Elle ne comprit pas pourquoi sa voix la captivait, elle y détecta un
léger sentiment d’amertume. Une tonalité un peu rauque et grave, mais
assez féminine pour ne pas la confondre avec celle d’un homme, un
timbre qu’Émeline affectionnait particulièrement.
— Vous êtes venue ici en vacances ? insista Émeline.
— Non, j’avais simplement besoin de revoir cet endroit. Et vous ?
— Je suis ici pour le tournage d’un film, enfin… à Paris. Nous passons deux jours à Wimereux avant de nous y rendre. Mon compagnon
voulait voir cet endroit, un de ses amis lui en avait fait l’éloge.

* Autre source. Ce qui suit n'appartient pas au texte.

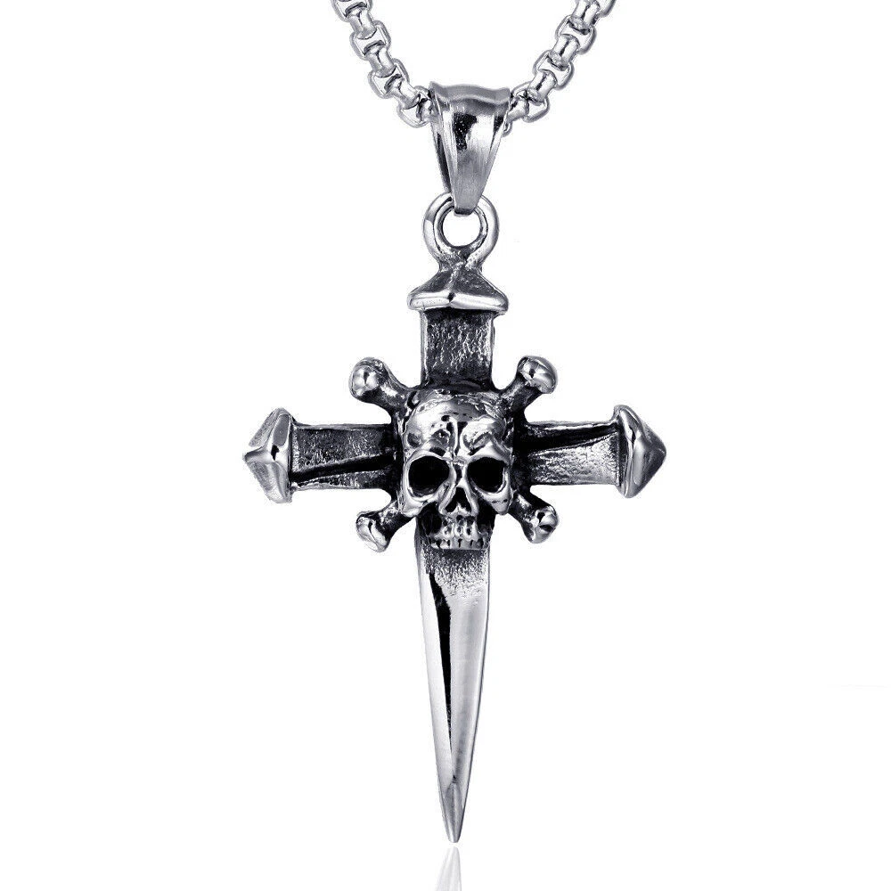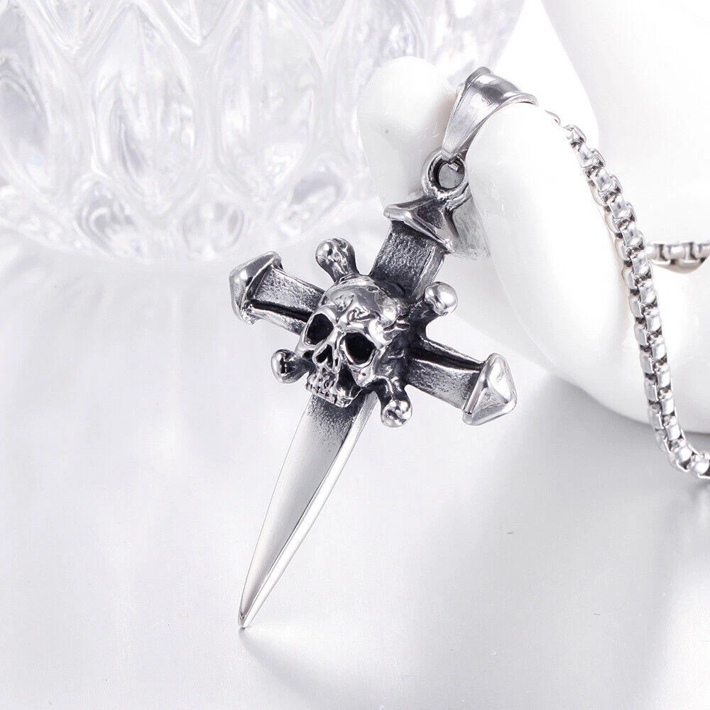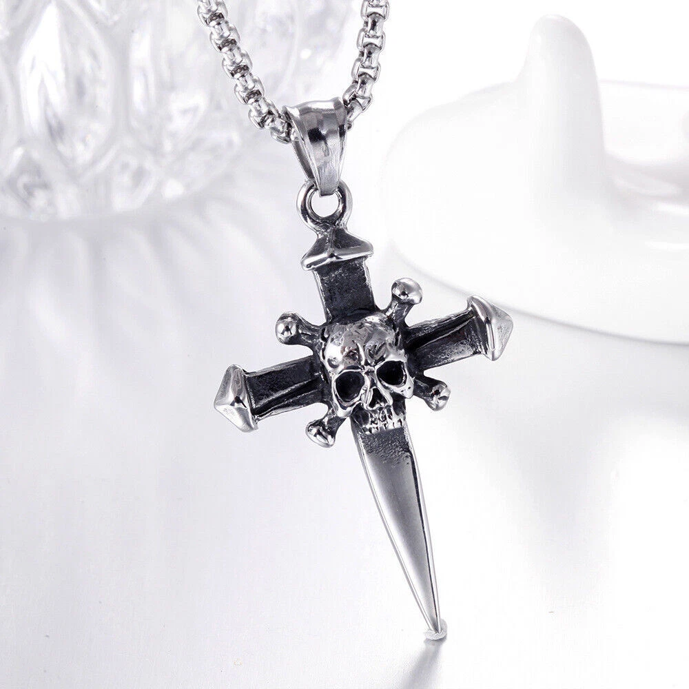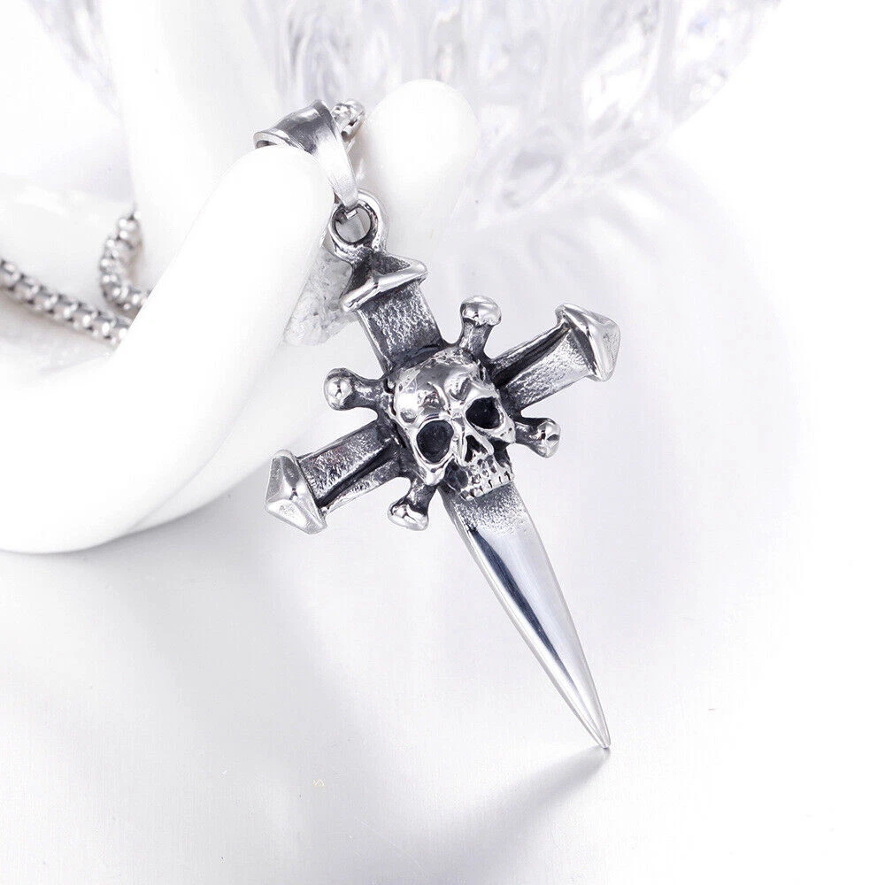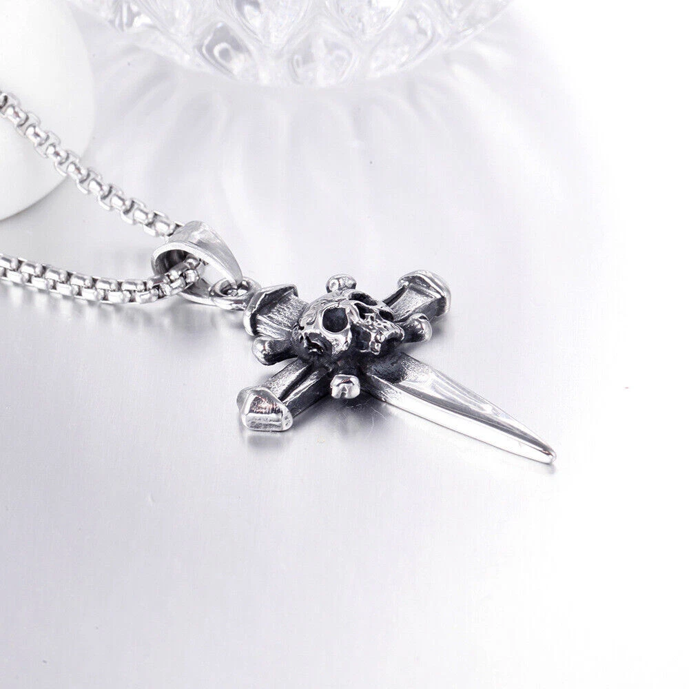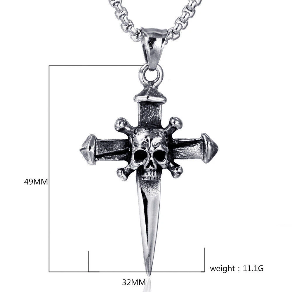 Brand: Cy trendy Material: 316L Stainless Steel Color: Vintage Silver & Black Chain Length: 60cm Dimension: 49mm*32mm Weight: 28g We offer high quality rings by using GENUINE 316L Stainless Steel as material,The 316L stainless steel do not suffer corrosion,tarnish or rust when expose in wet enviroment, it is one of the best metal when choosing rust resistance rings and necklaces because of it's sufficiently reactive to protect itself from further attack by forming passive corrosion product layer The package include: 1 x necklace

— Actrice, murmura Anna en la dévisageant.
Anna avança sa main et repoussa quelques mèches de cheveux
lui barrant le visage, elle frôla sa joue et Émeline frissonna sous le
contact de ses doigts. Anna fronça légèrement les sourcils et esquissa
un sourire.
— Vous avez des yeux magnifiques, lui dit-elle d’une voix douce.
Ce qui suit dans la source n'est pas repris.